Гудвин вышел и направился через дорогу в гостиницу, чтобы попробовать уговорить жившего там доктора Грегга, карантинного врача, составить ему партию для игры на единственном в Коралио бильярде. Все планы по организации поимки беглецов были выполнены, сети – расставлены, и теперь ему оставалось только ждать.
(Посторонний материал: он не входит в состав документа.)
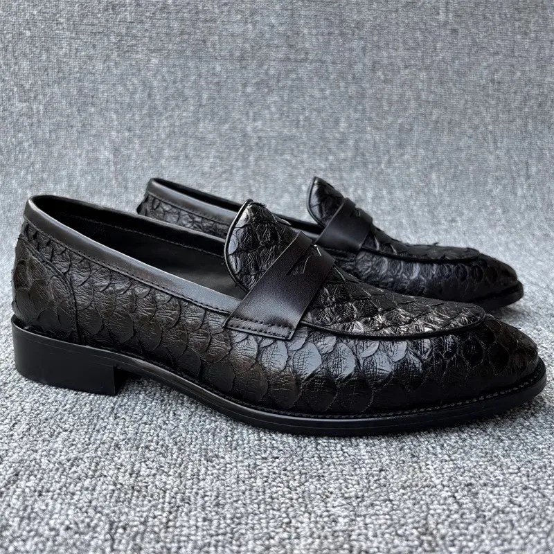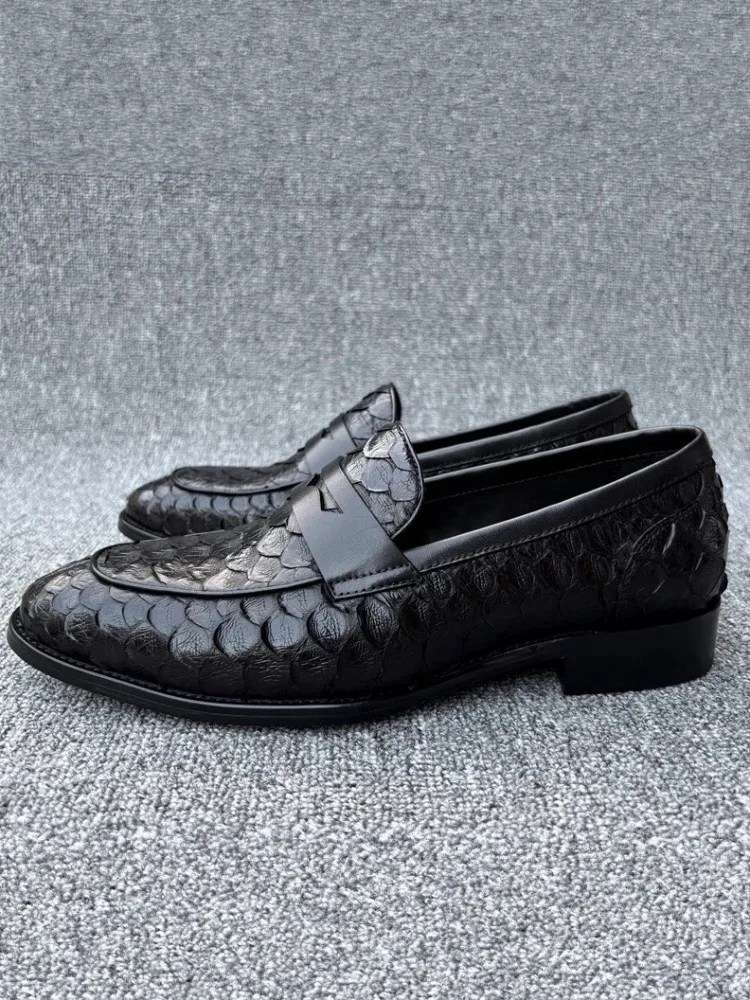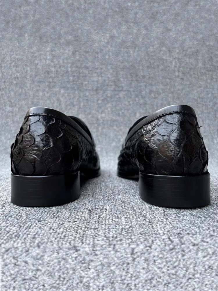 These loafers are not for blending in. They are for commanding attention without excess. Genuine snakeskin offers a level of exclusivity that synthetic finishes cannot replicate each scale reflecting craftsmanship and rarity. The silhouette remains understated, ensuring versatility across office settings, weddings, and formal occasions.

А консула по-настоящему увлекло составление отчета. Ему ведь было всего двадцать четыре года, пробыл он в Коралио не слишком долго, и его энтузиазм не успел еще остыть под воздействием тропической жары – в некотором роде парадокс, но между тропиком Рака и тропиком Козерога[23] такие парадоксы не редкость.
19
Карибы – группа индейских народов в Южной Америке.
20
de los Extranjeros (исп.) – для иностранцев.
21
Casa Morena – смуглый замок (исп.).
22
Героиня пьесы Уильяма Шекспира «Мера за меру».
23
Тропик Рака и тропик Козерога – две из пяти основных параллелей, отмечаемых на картах Земли. Тропик Рака расположен на 23° 26’ 22" к северу от экватора, а тропик Козерога – 23° 26’ 22" к югу от экватора. Область, заключенная между тропиком Козерога и тропиком Рака, называется тропиками.